Problem is, FlashForward is based on a novel, and has a great concept for a novel or a mini-series, or even a single 22/24 episode season. Whichever way, it has an ending.
Do that well and maybe you can come up with a follow-up for season two. But trying to stretch it out so it could run for years is a good way of ensuring it ends after one, without even (from the sound of it) including the ending it could have had as a one-off.

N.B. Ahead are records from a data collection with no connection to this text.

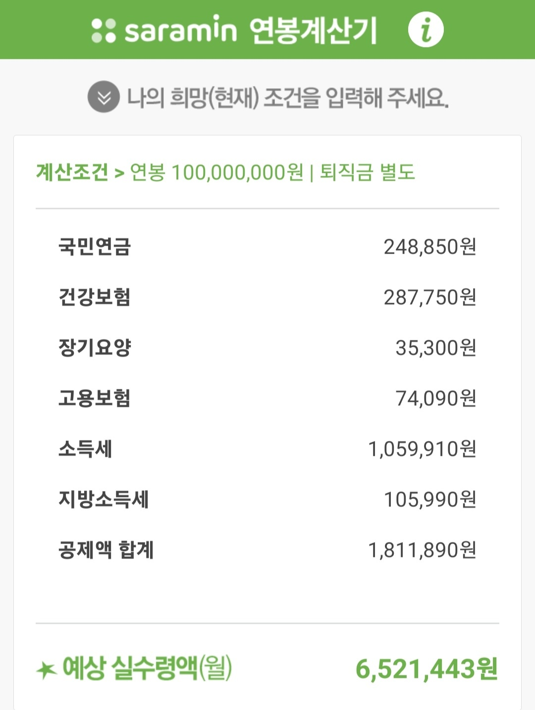 연봉 1억의 월 실수령은 6,521,443원입니다.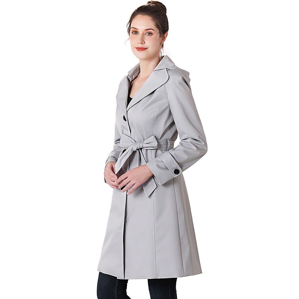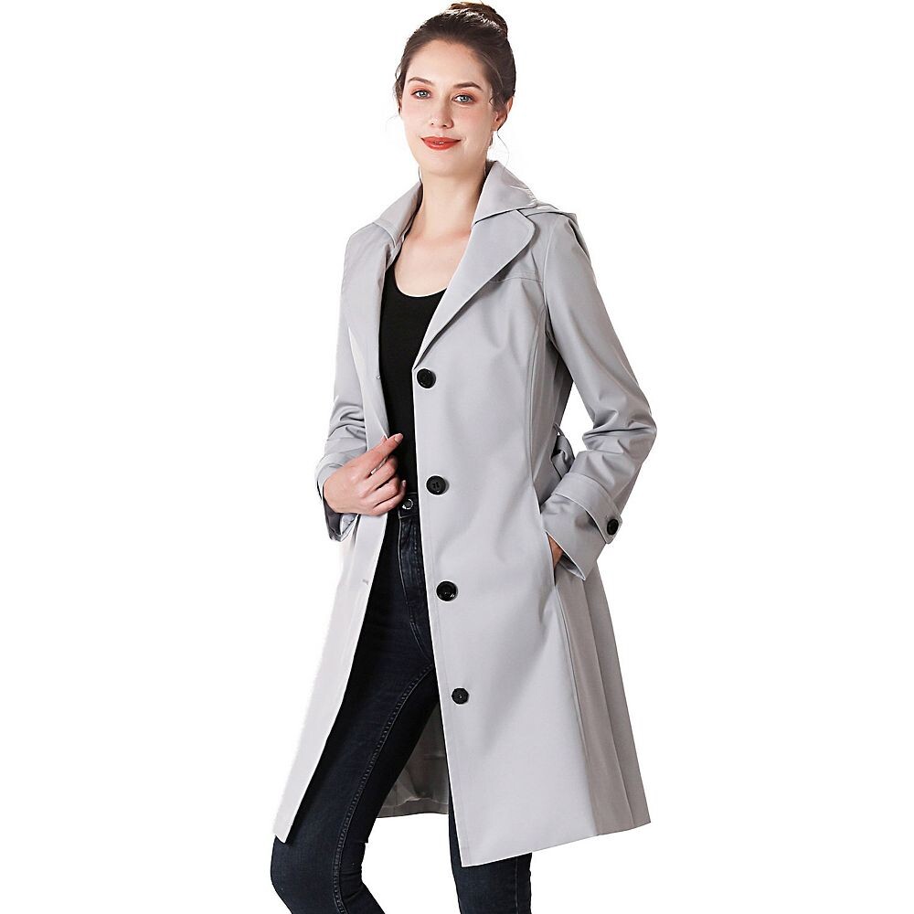 Вневременная привлекательность однобортного тренча подчеркивается двойными лацканами и манжетами с поясом. Капюшон, отстегивающийся на пуговицах, позволит вам быть на шаг впереди погоды.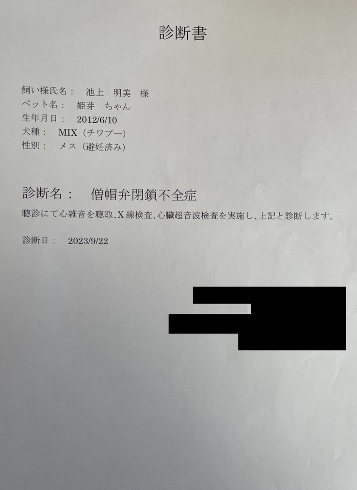 ご支援いただいた資金は、僧帽弁閉鎖不全症の手術費用・入院費用に充てさせていただきます。

Yeah, exactly. Even reading the novel, I could tell that it would be hard to adapt into a series, so much so that everything about the novel is completely different in the series. The location, for example, is just one of them, with it set around CERN in the novel, but in LA in the series. And then the amount of time they jumped into the future. I personally think it would have been far more interesting having the series set at CERN, but I guess it would have been a problem shooting there. I'm just getting rather tired of seeing NY or LA all the time. Feels too contemporary, no offense to anyone. It kind of sounds like they wrote themselves into a corner.

CERN does not look as cool as it sounds, it looks more like an industry complex than the center of the world's accelarator research.